In this case, the main reason for the small profit margin is that the total cost is too large. It is also because the full cost increase led to a net profit increase is limited, and greatly increase sales, caused a decrease in sales net interest rate, shown to reduce the profitability of the company's sales. The improvement of the net asset interest rate, the improvement of the total assets turnover rate and the decrease of the net selling interest rate, have played an important role in hindering the improvement of the net assets interest rate.
As seen in Table 4, the decline in the rights and interests of Foton motors shows that their capital structure has changed between 2001 and 2002, and the equity multiplier in 2002 was somewhat smaller than in 2001. The smaller the equity multiplier, the lower the debt level of the enterprise, the stronger the ability to repay the debt, the lower the financial risk. The index also reflects the impact of leverage on profit levels. Financial leverage has two positive and negative functions. In a well paid year, it can increase the potential return of shareholders, but shareholders should bear the risk of increased liabilities; in the bad year, the potential return of shareholders may be reduced. The company's equity multiplier has been between 2~5, that is, the debt ratio of 50% to 80%, belonging to the radical strategic enterprises. Managers should accurately understand the company's environment, accurately predict profits, and reasonably control the risks associated with liabilities.
Therefore, for Fukuda automobile, the most important thing is to make efforts to reduce costs and control costs. At the same time, maintain a high total asset turnover. In this way, the sales margin can be improved and the net interest rate of assets will be greatly improved.
Four, conclusion, DuPont analysis to net interest rates as the main line, the enterprise in a certain period of time the sales achievement and asset operational condition comprehensive together, the layers of decomposition, step by step, constitute a complete analysis system. It can help managers find financial and management problems, can provide valuable information for improving enterprise management, which is widely recognized and widely used in practical work.

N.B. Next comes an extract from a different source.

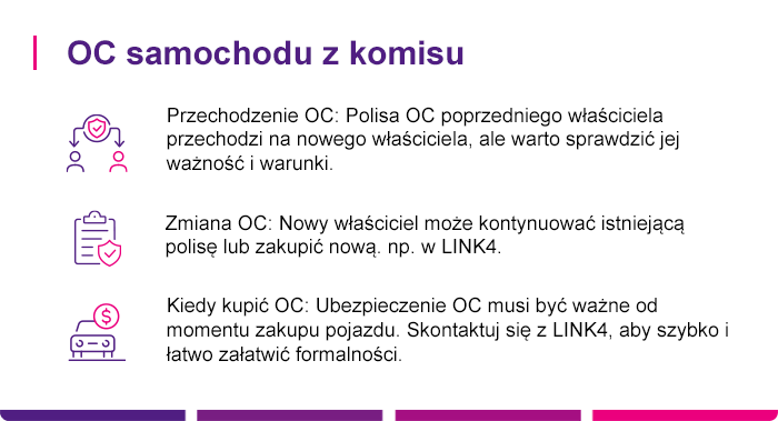 Jeśli kupisz auto z komisu i umowa ubezpieczenia zbywcy przejdzie na Ciebie, możesz z niej korzystać aż do jej dnia zakończenia. Pamiętaj jednak, że ubezpieczenie nie odnawia się automatycznie, dlatego minimum dzień przed jego zakończeniem wykup nowe OC. Dzięki temu zachowasz ciągłość ochrony ubezpieczeniowej.

DuPont analysis, however, is one of the methods of financial analysis. As a comprehensive analysis method, it does not exclude other methods of financial analysis. On the contrary, combined with other analysis methods, not only can make up for their shortcomings and shortcomings, but also make up for shortcomings of other methods, which makes the analysis results more complete and more scientific. For example, DuPont analysis as the foundation, combined with the special analysis, some problems related to the subsequent analysis for further more detailed analysis to understand; can also be combined with the method of comparative analysis and trend analysis method, the different period of DuPont analysis by comparing the results of trend analysis, thus the dynamic formation, identify financial changes, provide the basis for the prediction of or, decision-making; some enterprises and financial risk analysis
methods, the necessary risk analysis, also provides the basis for managers, so this combination is also the need of the development of DuPont analysis. The analyst should pay attention to this when applying.。